# Thread: Postage stamp problem: Weak versus Strong Induction

1. ## Postage stamp problem: Weak versus Strong Induction

I am instructed to prove that postage amounts greater than or equal to 54 can be taken care of using solely 7 and 10 cent stamps. The book asks me to use strong induction.

My Basis is:

54 = 4*10 + 2*7

My inductive step is:

(assume n = 10*j + 7*k for some n >= 54 and j,k are integers)

n + 1 = 10(j - 2) + 7(k + 3)

So the inductive step infers (as far as I can see) that if the hypothesis is true for n, it is true for n + 1. The basis is shown to be true.

It seems to me that this concludes a proof by WEAK induction, but the solutions manual presents a nearly identical argument and calls it strong induction.

2. ## Re: Postage stamp problem: Weak versus Strong Induction

Originally Posted by jmedsy
My inductive step is:

(assume n = 10*j + 7*k for some n >= 54 and j,k are integers)

n + 1 = 10(j - 2) + 7(k + 3)
It is important that the induction hypothesis says n = 10*j + 7*k for some n >= 54 and nonnegative integers j, k. Then j - 2 is not necessarily a nonnegative integer, so you have not proved that n is represented in a required way.

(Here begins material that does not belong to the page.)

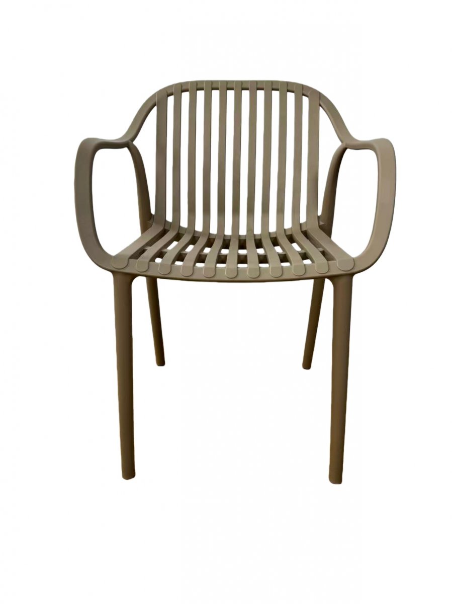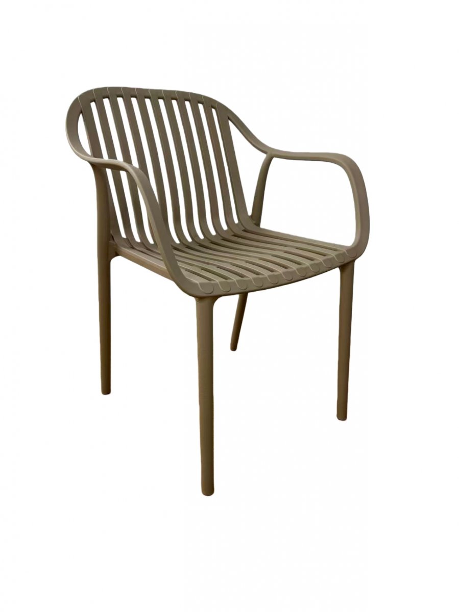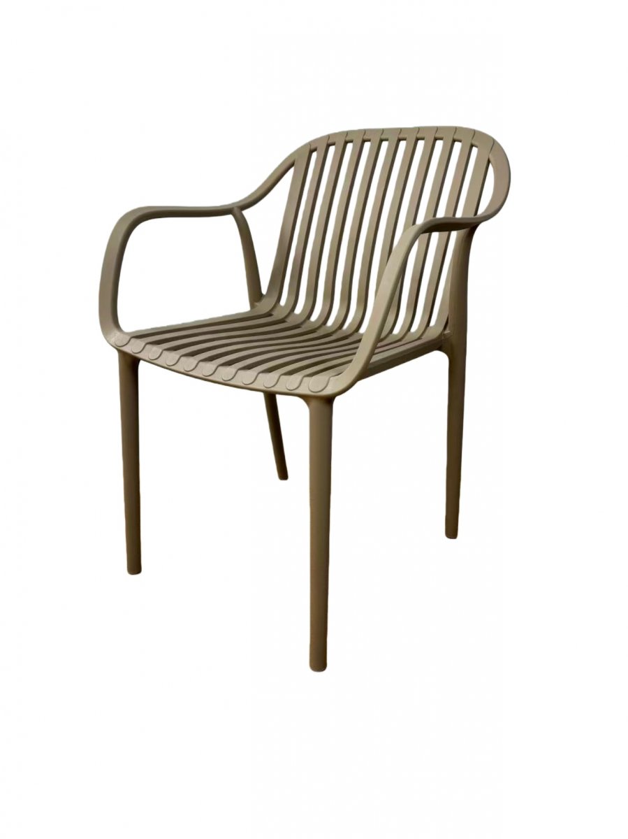 Изготовлен из полипропилена, прочного и стойкого пластика, устойчивого к УФ-излучению, благодаря этому стул сохраняет свой первоначальный вид и не выцветает на солнце даже несмотря на активную эксплуатацию. Цвет - бежево-коричневый.

There are two options. One is to consider the cases j = 0 and j = 1 separately. This would still be a proof by regular induction. Another is to prove P(n) -> P(n + 7) where P is the induction hypothesis above. The induction step is obvious, but you need strong induction (though, strictly speaking, you use only P(n) and not P(k) for all 54 <= k < n + 7 in the proof of P(n + 7)). You also need to prove 7 bases cases.